▶ [RECORDS TO PROCESS]:
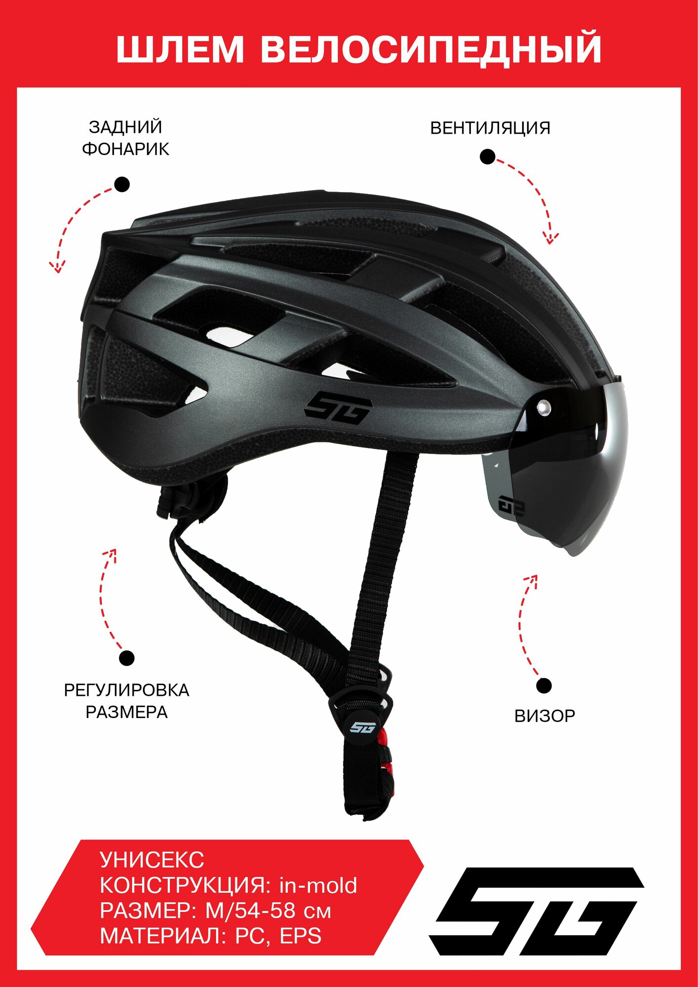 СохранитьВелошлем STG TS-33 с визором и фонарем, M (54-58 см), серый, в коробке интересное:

---

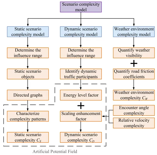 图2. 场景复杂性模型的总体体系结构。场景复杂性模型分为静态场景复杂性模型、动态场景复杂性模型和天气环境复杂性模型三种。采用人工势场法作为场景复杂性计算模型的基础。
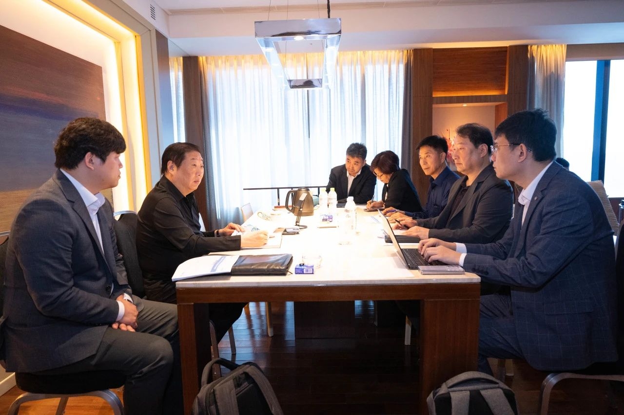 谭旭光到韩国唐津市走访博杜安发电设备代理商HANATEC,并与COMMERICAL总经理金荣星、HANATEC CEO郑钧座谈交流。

▶ [PROBLEM TO WORK ON]: Your task is to copy only the lines above starting at the one containing "图2. 场景复杂性模型的总体" and ending at the one containing "谭旭光到韩国唐津市走访博杜安". Copy them exactly, both ends included, and omit the pictures.

▶ [EXERCISE RESPONSE]:
 图2. 场景复杂性模型的总体体系结构。场景复杂性模型分为静态场景复杂性模型、动态场景复杂性模型和天气环境复杂性模型三种。采用人工势场法作为场景复杂性计算模型的基础。
 谭旭光到韩国唐津市走访博杜安发电设备代理商HANATEC,并与COMMERICAL总经理金荣星、HANATEC CEO郑钧座谈交流。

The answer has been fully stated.